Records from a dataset
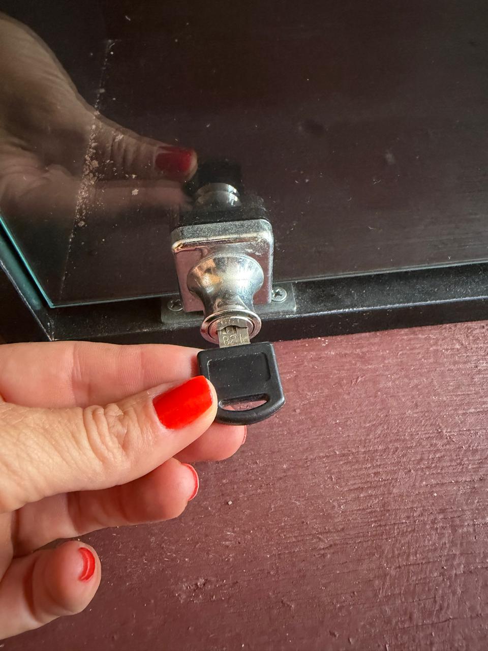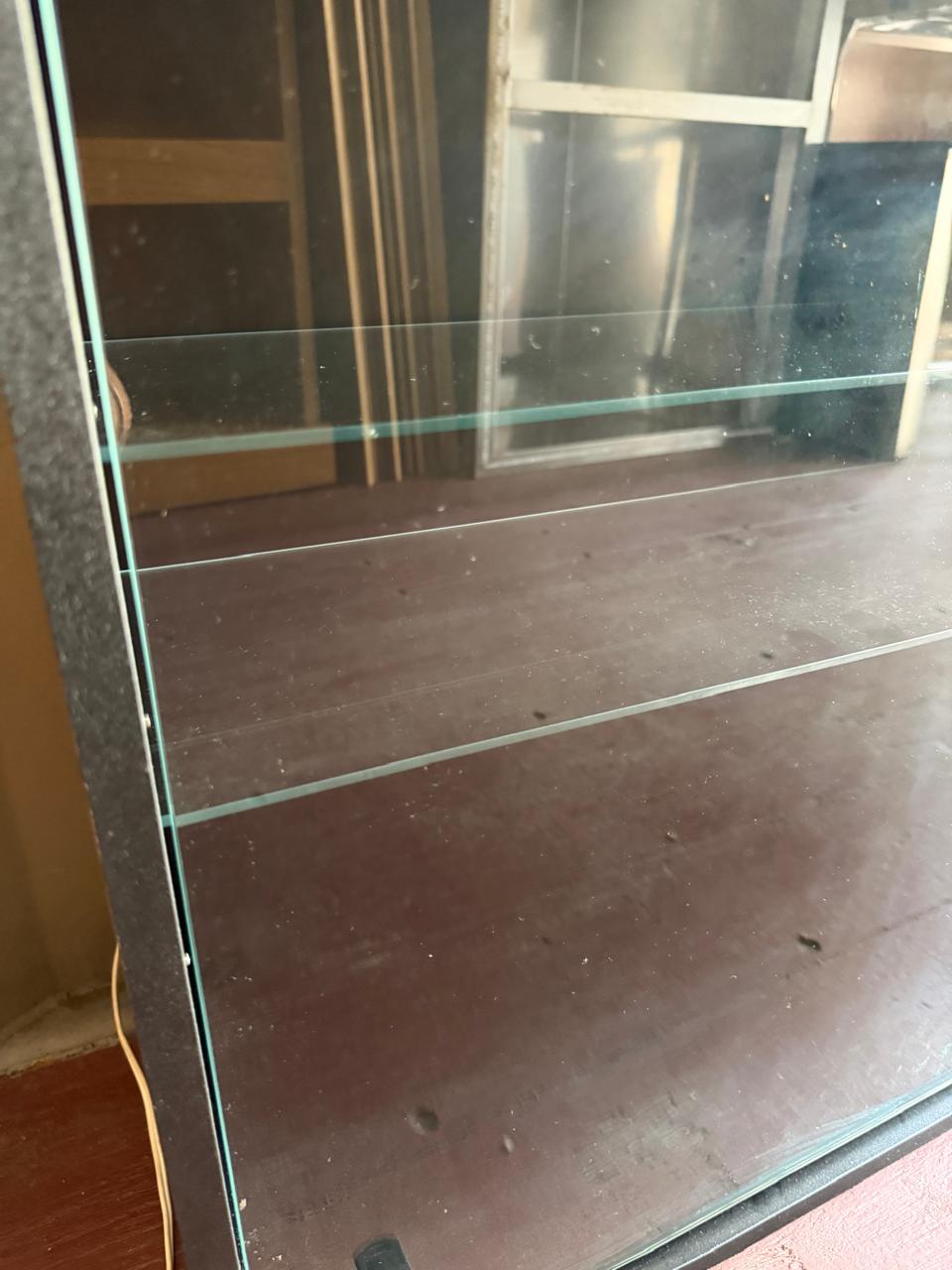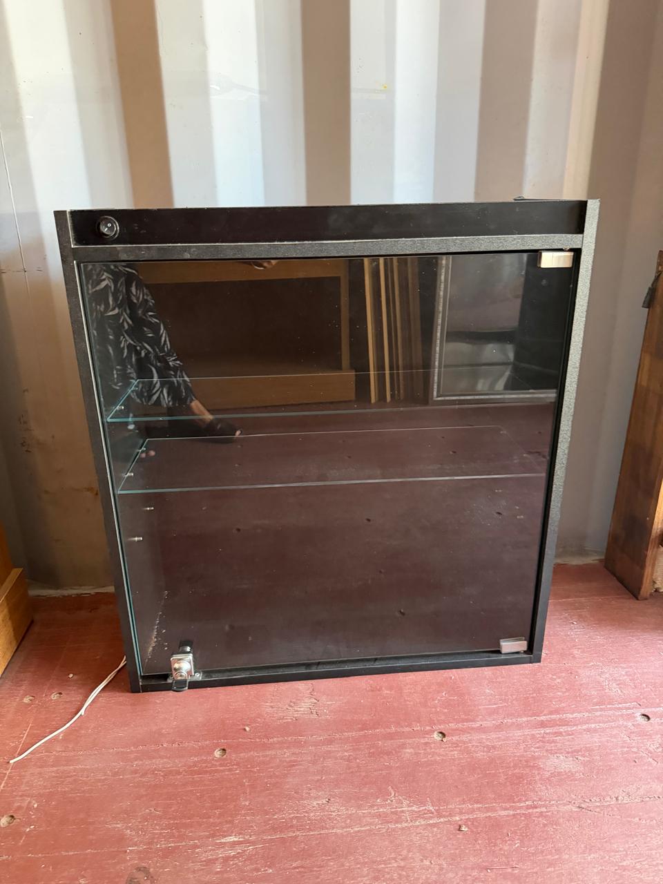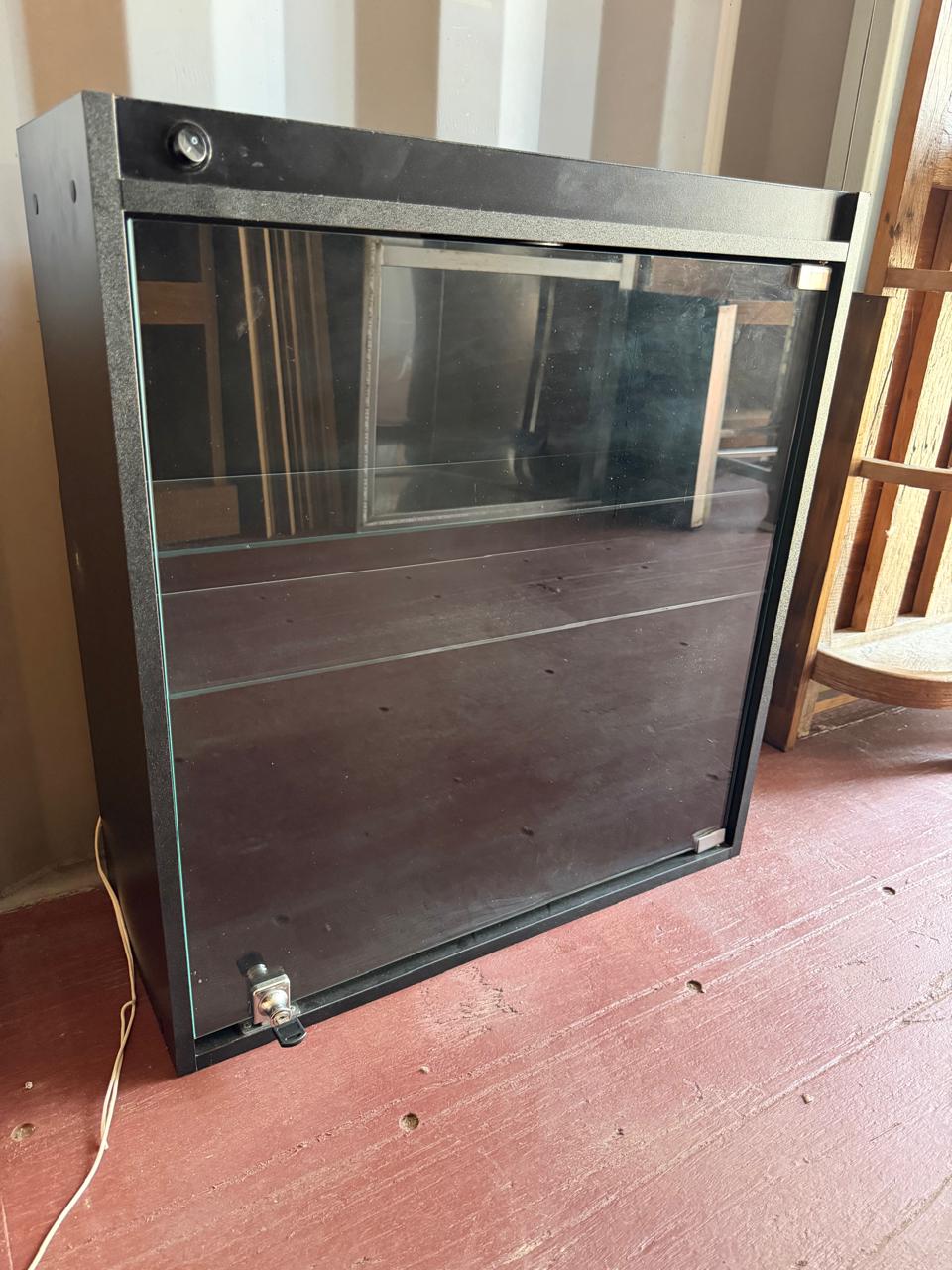 MINI VITRINE PRETINHA – MDF – PORTA DE VIDRO COM CHAVE – ILUMINAÇÃO — R095.34
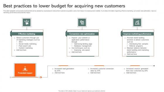 This slide highlights various best practices that can be adopted by businesses to reduce their customer acquisition cost which helps in increasing brand visibility. It provides information regarding effective marketing, conversion rate optimization, improve marketing performance and potential impact. Showcasing this set of slides titled Best Practices To Lower Budget For Acquiring New Customers Rules Pdf. The topics addressed in these templates are Effective Marketing, Conversion Rate Optimization, Improve Marketing Performance. All the content presented in this PPT design is completely editable. Download it and make adjustments in color, background, font etc. as per your unique business setting. This slide highlights various best practices that can be adopted by businesses to reduce their customer acquisition cost which helps in increasing brand visibility. It provides information regarding effective marketing, conversion rate optimization, improve marketing performance and potential impact.
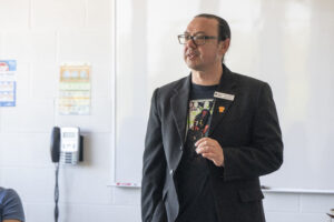 Dockstader welcomed employees and students to the event and shared the importance and significance of the Moose Hide Campaign and how it came to be.
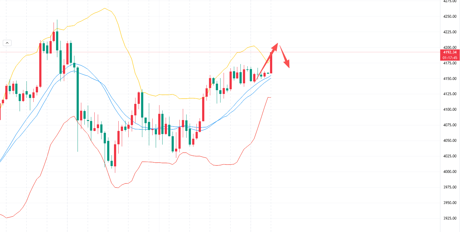 4小时图来看,昨日黄金在中轨与趋势线附近完成横向博弈后,最终选择向上突破趋势线压制。短线而言,亚盘大概率延续惯性摸高走势,欧美盘才是关键——冲高并非核心,持续性才是关键,重点留意欧美盘是否出现形态反转。上方阻力重点关注4230-4250区间,亚盘先看惯性上冲力度,欧美盘重点跟踪能否形成“冲高收低”。考虑到周月线收官对下周强弱转换的决定性作用,日内短线警惕冲高回落。
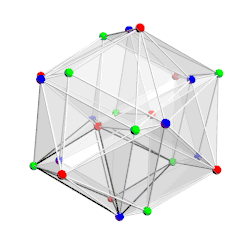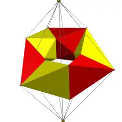 - ↑ Egan 2021, animation of a rotating 24-cell: red half-integer vertices (tesseract), yellow and black integer vertices (16-cell).

• WHAT THE TASK REQUIRES: Set all of the records down once more, letter for letter, with the images removed.

• TASK SOLUTION:
 MINI VITRINE PRETINHA – MDF – PORTA DE VIDRO COM CHAVE – ILUMINAÇÃO — R095.34
 This slide highlights various best practices that can be adopted by businesses to reduce their customer acquisition cost which helps in increasing brand visibility. It provides information regarding effective marketing, conversion rate optimization, improve marketing performance and potential impact. Showcasing this set of slides titled Best Practices To Lower Budget For Acquiring New Customers Rules Pdf. The topics addressed in these templates are Effective Marketing, Conversion Rate Optimization, Improve Marketing Performance. All the content presented in this PPT design is completely editable. Download it and make adjustments in color, background, font etc. as per your unique business setting. This slide highlights various best practices that can be adopted by businesses to reduce their customer acquisition cost which helps in increasing brand visibility. It provides information regarding effective marketing, conversion rate optimization, improve marketing performance and potential impact.
 Dockstader welcomed employees and students to the event and shared the importance and significance of the Moose Hide Campaign and how it came to be.
 4小时图来看,昨日黄金在中轨与趋势线附近完成横向博弈后,最终选择向上突破趋势线压制。短线而言,亚盘大概率延续惯性摸高走势,欧美盘才是关键——冲高并非核心,持续性才是关键,重点留意欧美盘是否出现形态反转。上方阻力重点关注4230-4250区间,亚盘先看惯性上冲力度,欧美盘重点跟踪能否形成“冲高收低”。考虑到周月线收官对下周强弱转换的决定性作用,日内短线警惕冲高回落。
 - ↑ Egan 2021, animation of a rotating 24-cell: red half-integer vertices (tesseract), yellow and black integer vertices (16-cell).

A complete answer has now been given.